The play starts and ends with the funeral of a young boy killed on a nearby roadway – a demonstration of the looming threat of life at the camp, and especially the dangers for migrant children. In the play, Paula notes that of 400+ children at the camp, about three quarters of them are unaccompanied. While the Calais Jungle became a cohesive, vibrant community, it wasn’t enough to protect the people and children who lived there, and there wasn’t a reliable system to help get them out.

“Jumpers” – I learned – referred to migrants who would attempt to jump onto a truck going from Calais to the U.K. – It was incredibly risky and often children would lie about their age and then end up getting punished unfairly as adults for jumping – with no way to prove their age, or worse – would die in the act itself. Only a year ago a 15-year-old was crushed to death by a refrigeration truck – and this isn’t the only such story. At UNICEF’s Office of Research – Innocenti, where I’m proud to work, new research findings have the potential to transform the lives of children around the world. Our research on children and migration helps to fill in the gaps on why children migrate, the unknown threats and realities of children on the move, and how we can better protect child migrants.

Like the play, 2017’s Best of UNICEF Research-winning report – Neither Safe Nor Sound: Unaccompanied children on the Coastline of the English Channel and the North Sea, available in English and its original French – dared to ask ‘What is the experience of unaccompanied children in France’s migrant camps?’The sociological study, undertaken by Trajectoires on behalf of UNICEF France, sought to understand and document the risks migrant children are exposed to throughout their migration journey and during their stay in camps.  The report made ten key recommendations to help protect child migrants and decrease their vulnerability:

 

  1. Create a place of ‘protection’ within sites, secure and specific to unaccompanied children.
  2. Guarantee all children equal access to information and various services through regular contact with professionals speaking the children’s languages and through the use of age-appropriate information.
  3. Support and coordinate those working on the region’s sites with the aim of implementing uniformity of practices and information distributed, enabling access to all children, including those within the smaller camps.
  4. Introduce regular training on child protection for the organizational workers, police forces, administrators and volunteers to help them identify situations involving human trafficking and provide guidance to unaccompanied children.
  5. Refer back to the legal framework for the protection of children, which includes the importance of reporting to Public Prosecutor’s departments, and of reporting unsettling information, which will allow the departmental councils to become empowered in their mission to care for children in danger.
  6. Report all evacuations if there are no adapted arrangements for the reception and guidance of unaccompanied children, to prevent a trend of dispersal and the breaking of the bonds that children and young people may have formed with social workers or other trusted adults.
  7. Ensure that the French and United Kingdom governments dedicate sufficient resources to the family reunification process, thereby significantly reducing the duration of this process to a maximum of three months.
  8. Ensure that children have received reliable information regarding the family reunification procedure under the Dublin Regulation, including the criteria on which decisions will be based.
  9. Guarantee access to high-quality legal assistance for unaccompanied children, so that their request for family reunification in the United Kingdom can be submitted as quickly as possible.
  10. Publish practical advice on how to handle family reunification cases under Dublin III, including clarification of responsibilities and processes in the assessment of the unaccompanied children’s families in the United Kingdom, ahead of transfers.

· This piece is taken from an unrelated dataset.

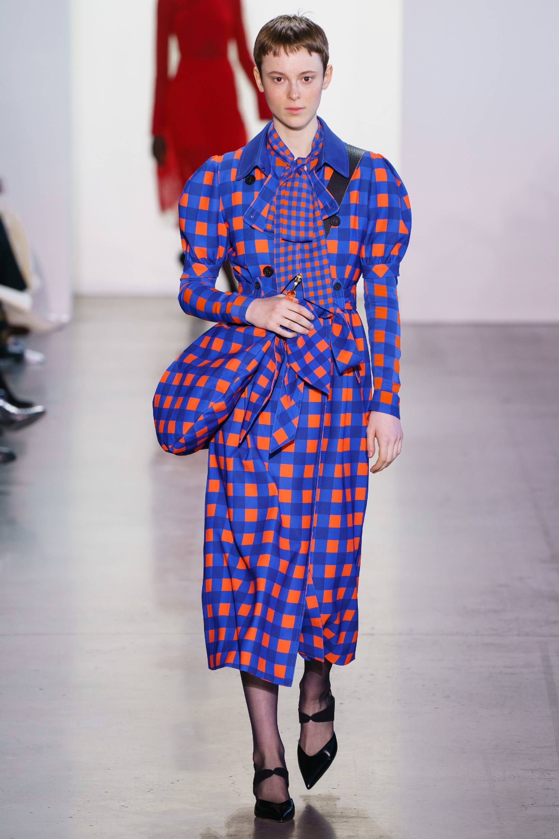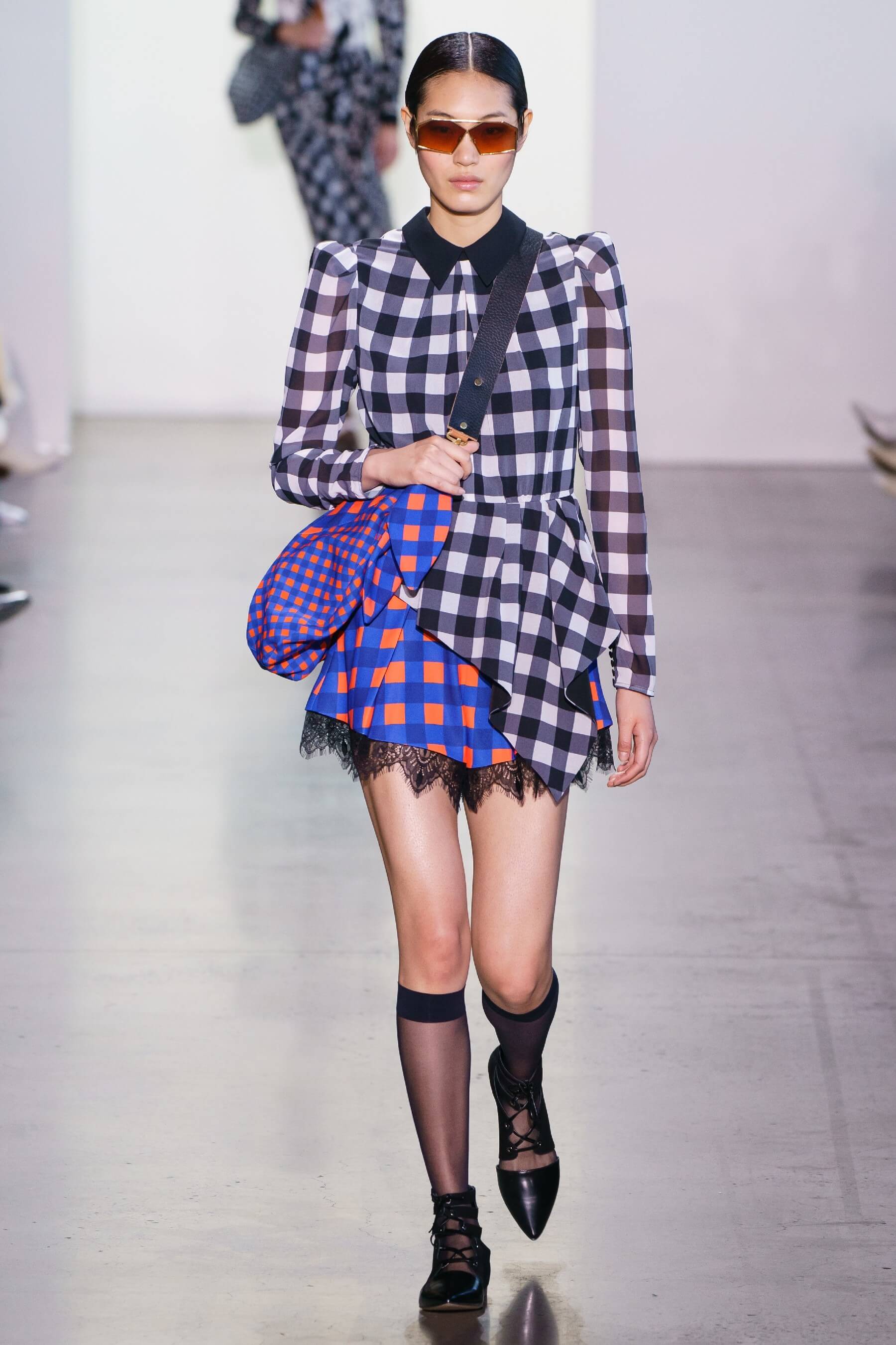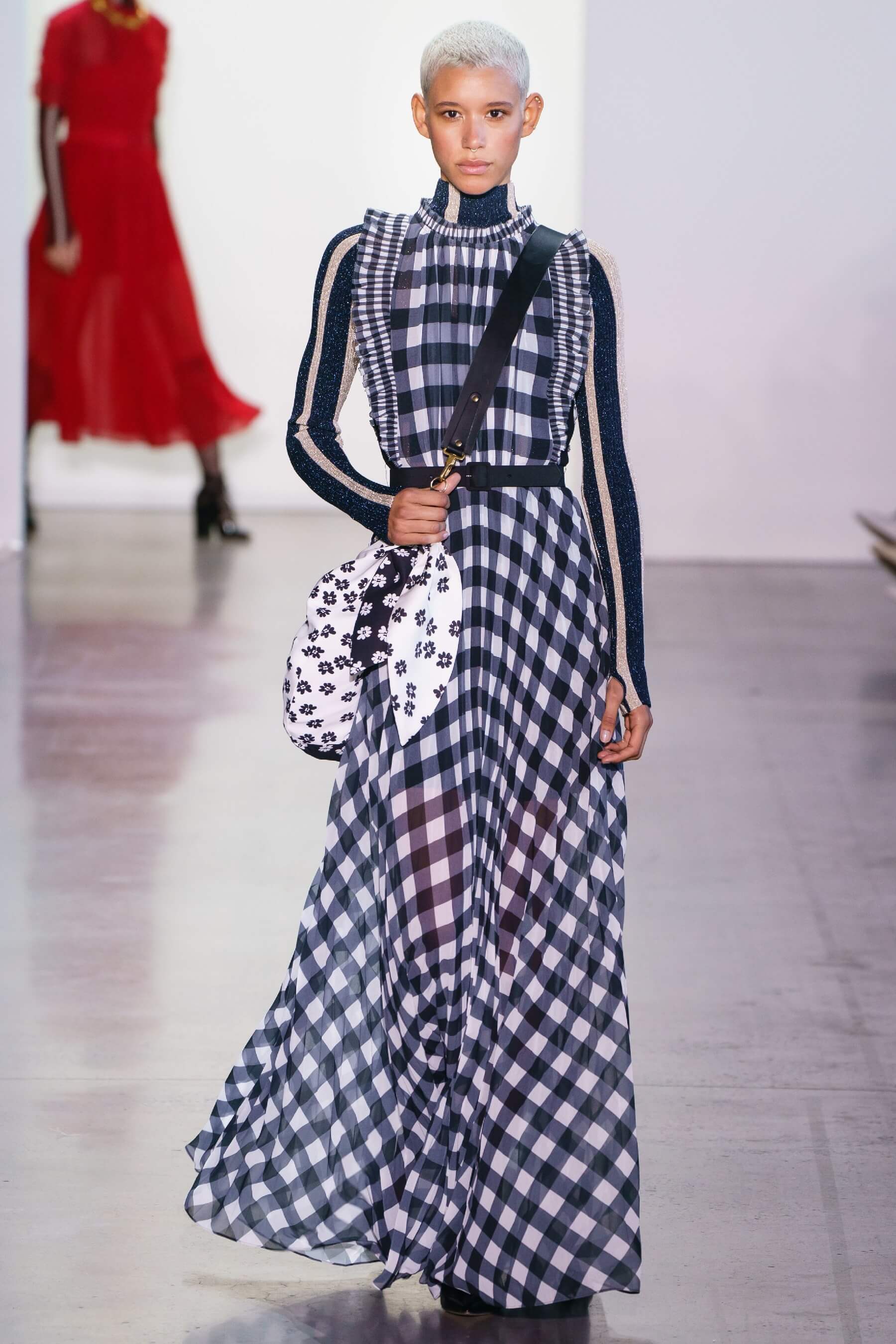 В представленной коллекции есть платья-смокинги с шелковыми лацканами и плиссированной юбкой, комбинезоны с рукавами-буфами, объединяющие элегантность и эксцентричность, высокие кожаные шорты с кружевом, идеальные блестящие платья для вечеринок и много клетки — от авангардных интерпретаций в духе "Унесённых ветром" до изящных платьев точёных силуэтов.

 Two plus years since the demolition of The Jungle, we are still learning the same lessons. While a mandate to prevent the creation of a new ongoing camp continues, hundreds, if not thousands, of migrants and children still occupy the border-town area, and raids persist against a looming Brexit to clear out new camps and prevent illegal crossings into the U.K. In many ways, nothing has changed, and what’s worse is that the journey and the hardship doesn’t end when they reach their destination. Once they get there, then what? The existing systems in place to support migrant children are letting children down. Mental health of these child migrants is seldom considered and last year alone, at least three teenage refugees who arrived in Britain from the migrant camp in Calais killed themselves.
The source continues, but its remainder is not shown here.